- _EXERCISE REQUIREMENTS_
The task for the listing below is to write out exactly the lines starting at the one containing "骑在复古摩托车上的时尚亚洲少女" and ending at the one containing "本日のメニューは、上段左から", both included. Pictures are to be omitted.

- _DATA LISTING_
Content starts

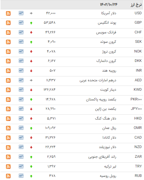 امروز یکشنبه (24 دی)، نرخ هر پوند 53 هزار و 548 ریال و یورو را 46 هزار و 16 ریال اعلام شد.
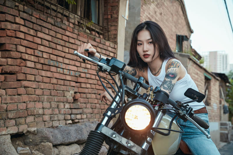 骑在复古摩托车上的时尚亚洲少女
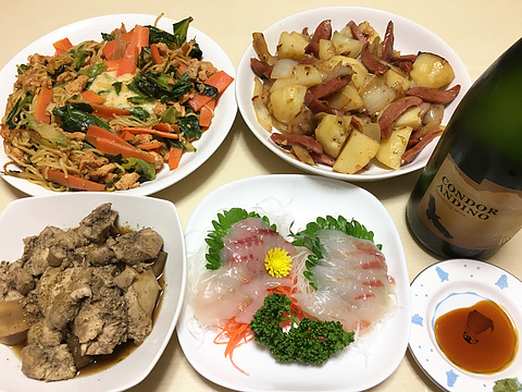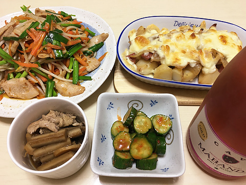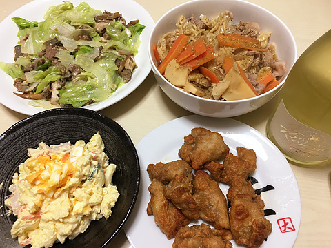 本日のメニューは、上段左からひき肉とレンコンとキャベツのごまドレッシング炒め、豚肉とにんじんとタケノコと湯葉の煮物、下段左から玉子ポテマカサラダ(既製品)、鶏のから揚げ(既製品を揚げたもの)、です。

Content ends
Content starts

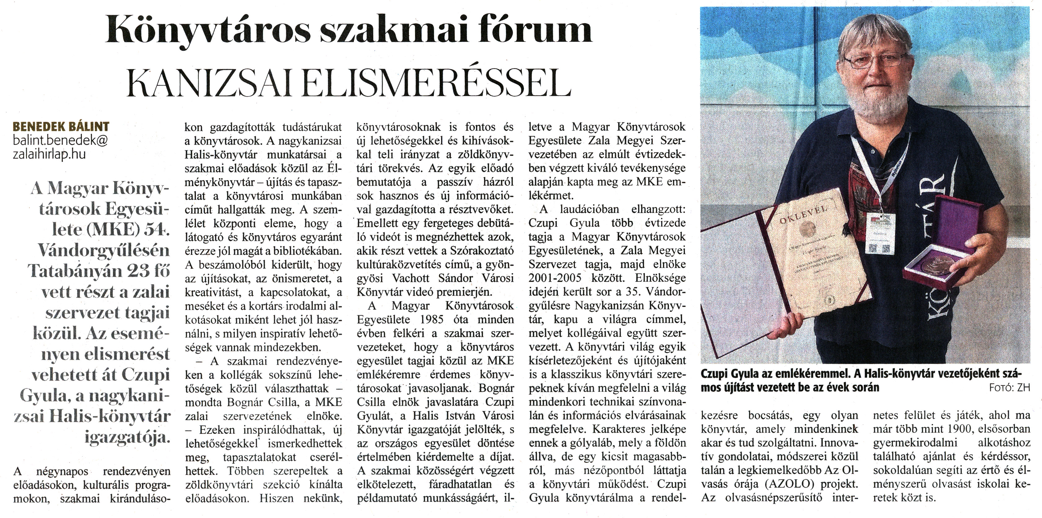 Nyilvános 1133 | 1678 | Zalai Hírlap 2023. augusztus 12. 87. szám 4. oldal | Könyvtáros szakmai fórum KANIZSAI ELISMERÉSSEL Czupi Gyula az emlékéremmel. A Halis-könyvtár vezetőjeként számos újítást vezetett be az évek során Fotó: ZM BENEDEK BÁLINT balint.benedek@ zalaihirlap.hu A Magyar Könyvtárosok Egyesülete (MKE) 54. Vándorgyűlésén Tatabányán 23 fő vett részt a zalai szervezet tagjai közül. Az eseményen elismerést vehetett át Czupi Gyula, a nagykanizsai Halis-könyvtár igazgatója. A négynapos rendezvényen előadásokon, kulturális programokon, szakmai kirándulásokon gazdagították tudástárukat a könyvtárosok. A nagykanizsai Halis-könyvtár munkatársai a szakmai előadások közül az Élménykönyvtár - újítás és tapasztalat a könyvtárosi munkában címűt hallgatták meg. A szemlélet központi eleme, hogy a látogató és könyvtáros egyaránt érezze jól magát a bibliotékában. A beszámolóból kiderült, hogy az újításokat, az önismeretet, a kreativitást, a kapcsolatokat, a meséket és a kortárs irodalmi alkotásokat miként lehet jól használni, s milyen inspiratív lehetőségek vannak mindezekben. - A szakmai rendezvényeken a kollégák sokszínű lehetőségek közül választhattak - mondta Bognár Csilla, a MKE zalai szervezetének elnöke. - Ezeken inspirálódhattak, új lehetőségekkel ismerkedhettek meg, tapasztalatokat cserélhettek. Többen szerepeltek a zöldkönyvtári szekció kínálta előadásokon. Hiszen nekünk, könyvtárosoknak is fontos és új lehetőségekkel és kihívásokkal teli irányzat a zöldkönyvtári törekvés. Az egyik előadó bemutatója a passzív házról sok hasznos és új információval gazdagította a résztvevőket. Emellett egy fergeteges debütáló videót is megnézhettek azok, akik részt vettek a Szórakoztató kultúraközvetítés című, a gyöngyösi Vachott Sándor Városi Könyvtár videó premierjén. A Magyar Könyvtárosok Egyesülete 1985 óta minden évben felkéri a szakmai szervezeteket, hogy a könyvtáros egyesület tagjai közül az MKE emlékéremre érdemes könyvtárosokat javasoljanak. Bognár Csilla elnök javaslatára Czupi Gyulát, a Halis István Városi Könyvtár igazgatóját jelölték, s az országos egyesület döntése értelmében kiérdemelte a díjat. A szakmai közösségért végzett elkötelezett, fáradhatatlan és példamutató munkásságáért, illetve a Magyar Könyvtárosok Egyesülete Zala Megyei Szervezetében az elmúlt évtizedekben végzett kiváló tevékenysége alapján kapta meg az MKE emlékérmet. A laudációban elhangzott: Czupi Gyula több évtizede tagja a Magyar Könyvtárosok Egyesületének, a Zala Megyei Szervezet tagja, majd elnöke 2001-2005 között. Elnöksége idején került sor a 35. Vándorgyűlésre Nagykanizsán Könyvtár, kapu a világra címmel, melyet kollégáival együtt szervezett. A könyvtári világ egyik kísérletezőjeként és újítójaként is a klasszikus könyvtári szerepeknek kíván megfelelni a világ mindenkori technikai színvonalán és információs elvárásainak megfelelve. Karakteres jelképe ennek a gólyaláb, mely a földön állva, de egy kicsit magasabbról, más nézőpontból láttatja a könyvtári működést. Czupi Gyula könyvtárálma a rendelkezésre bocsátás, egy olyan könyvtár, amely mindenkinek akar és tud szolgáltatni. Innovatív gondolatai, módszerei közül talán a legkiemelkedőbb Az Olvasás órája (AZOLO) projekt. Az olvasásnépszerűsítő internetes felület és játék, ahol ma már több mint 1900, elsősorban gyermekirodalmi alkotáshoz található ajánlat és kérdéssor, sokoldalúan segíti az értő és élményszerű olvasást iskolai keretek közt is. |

Content ends

- _RESULT_
 骑在复古摩托车上的时尚亚洲少女
 本日のメニューは、上段左からひき肉とレンコンとキャベツのごまドレッシング炒め、豚肉とにんじんとタケノコと湯葉の煮物、下段左から玉子ポテマカサラダ(既製品)、鶏のから揚げ(既製品を揚げたもの)、です。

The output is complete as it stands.